Nigeria’s Securities and Exchange Commission (SEC) has unveiled a sweeping overhaul of capital requirements for capital market operators, significantly raising the financial thresholds for brokers, fund managers, issuing houses, fintechs and digital asset firms.
The changes were announced in a circular issued on January 16, 2026, which replaces the existing 2015 capital regime and gives operators until June 30, 2027, to comply.
According to the SEC, the revised framework is designed to strengthen market resilience, eliminate undercapitalised operators and promote stronger governance across Nigeria’s capital market.
Under the new rules, brokers’ minimum capital has been raised from ₦200 million to ₦600 million, while dealers must now hold ₦1 billion, up from ₦100 million.
Broker-dealers face the sharpest increase, with requirements jumping from ₦300 million to ₦2 billion, reflecting their broader exposure to trading, execution and margin lending.
Fund and portfolio managers are now subject to a tiered structure. Firms managing assets above ₦20 billion must maintain ₦5 billion in capital, while mid-sized managers are required to hold ₦2 billion.
Private equity firms must now hold ₦500 million, while venture capital firms are required to maintain ₦200 million.
In addition, any firm managing over ₦100 billion in assets must hold capital equal to at least 10 per cent of assets under management, introducing a dynamic capital buffer tied to scale.
Digital asset operators, previously operating with limited oversight, are now fully captured under the new framework.
Digital exchanges and custodians must maintain ₦2 billion each, while tokenisation platforms and intermediaries face capital thresholds ranging from ₦500 million to ₦1 billion. Even robo-advisers must now meet a ₦100 million minimum.
Issuing houses offering full underwriting services must now hold ₦7 billion, while advisory-only firms require ₦2 billion.
New minimums have also been set for registrars (₦2.5 billion), trustees (₦2 billion) and underwriters (₦5 billion).

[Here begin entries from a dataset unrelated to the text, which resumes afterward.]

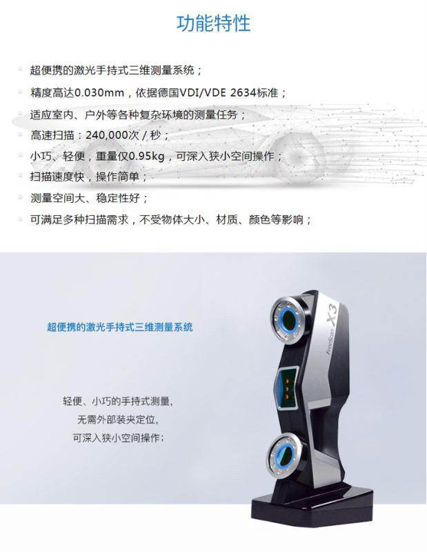 3D scanning instrument FreeScanX3 X5 X7 X7 laser three-dimensional scanning instrument high precision color industrial grade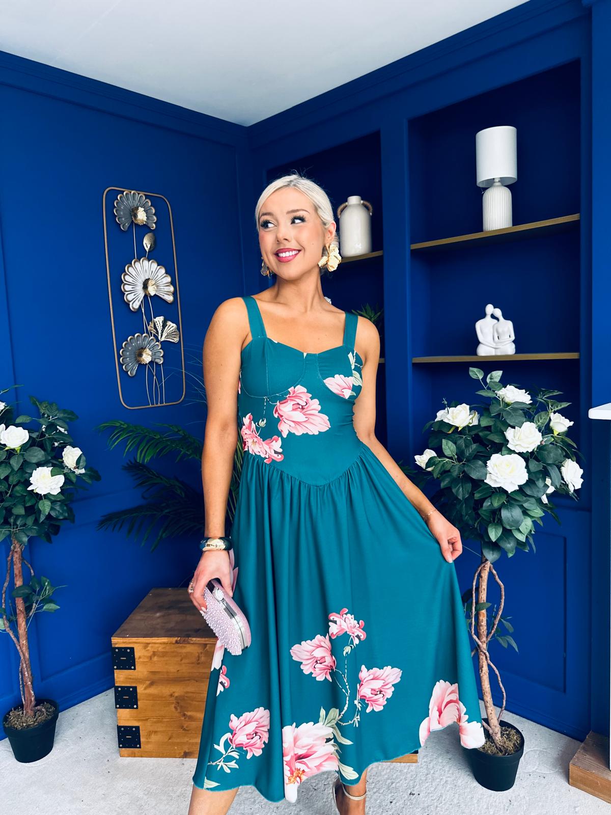 Jude Drop waist Midi Dress Floral Green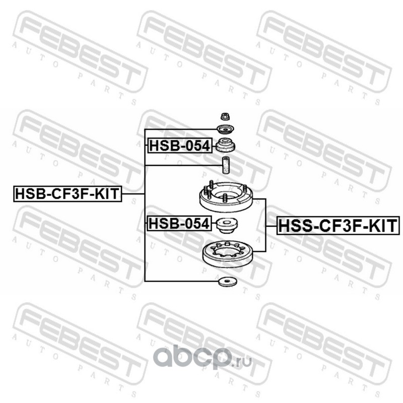 All World Cars - продажа Втулка переднего амортизатора (комплект) артикул HSBCF3FKIT по всей России и странах СНГ. Развитая сеть представительств с быстрой доставкой товаров бренда Febest и гарантией выгодной цены. Покупая в AWC товар Febest каталожный номер HSBCF3FKIT вы бережете свое время, нервы и деньги.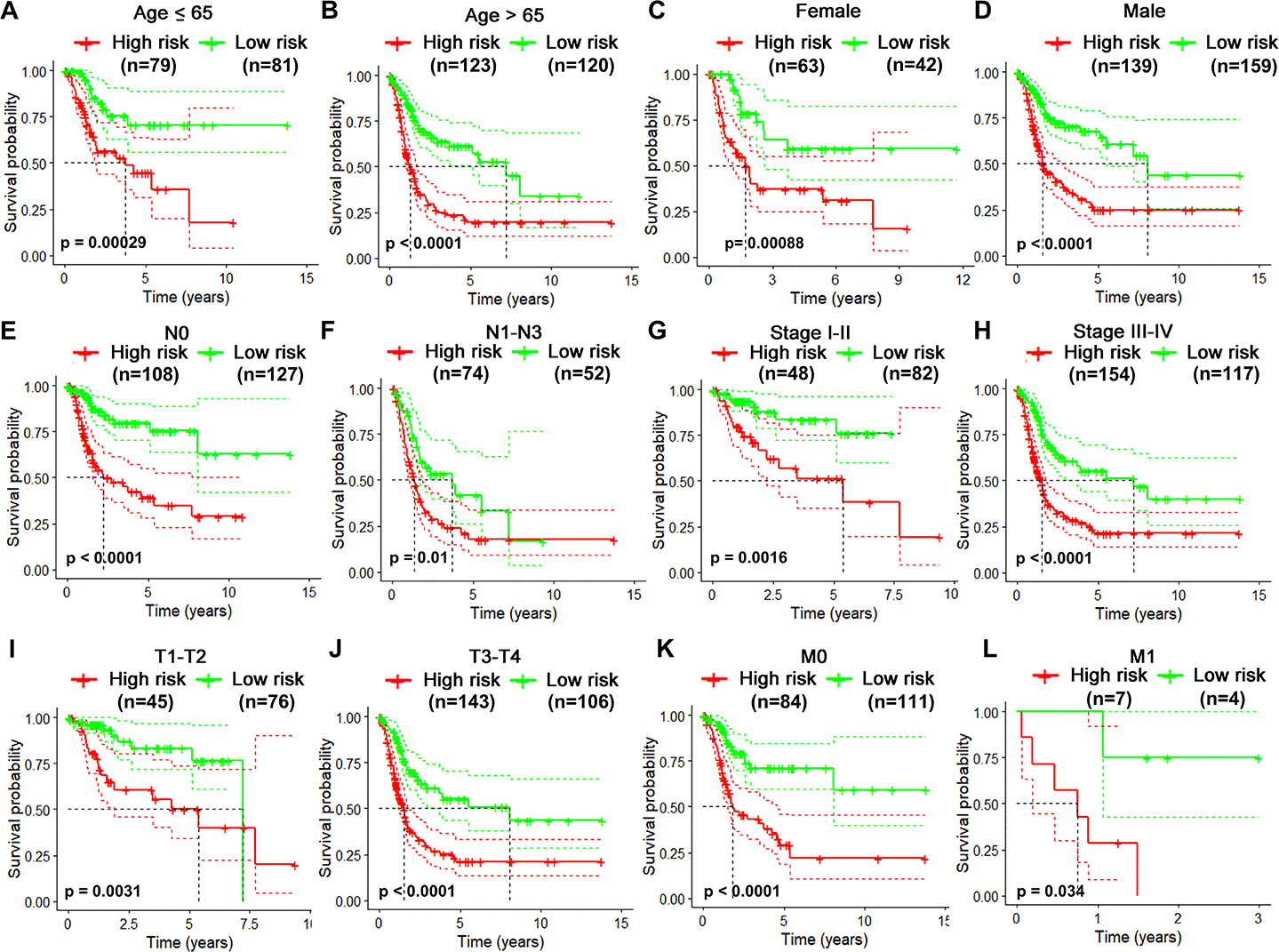 Figure 6. Risk-stratified analysis of the 10-gene signature for overall survival of bladder cancer patients. Kaplan-Meier curves for overall survival of patients in Age (≤65-year-old) subgroup (A), Age (>65-year-old) group (B), Female subgroup (C), Male subgroup (D), N0 subgroup (E), N1-N3 subgroup (F), clinical stage I-II subgroup (G), clinical stage III-IV subgroup (H), T1-2 subgroup (I), T3-4 subgroup (J), M0 subgroup (K), M1 subgroup (L).

Individual investment advisers must now maintain ₦10 million, ending the era of near-zero capital entry.
Market infrastructure institutions face the highest thresholds, with composite exchanges and central counterparties required to hold ₦10 billion, while clearing houses must maintain ₦5 billion.
Analysts say the tougher requirements are likely to trigger consolidation across the market, as smaller operators struggle to meet the new thresholds. Some firms may downsize, merge or exit, while others seek strategic investors to survive.
For investors, the changes promise stronger protection, as better-capitalised firms are more capable of absorbing shocks and safeguarding client assets. For regulators, the move signals a shift towards fewer but stronger operators with deeper balance sheets and improved governance.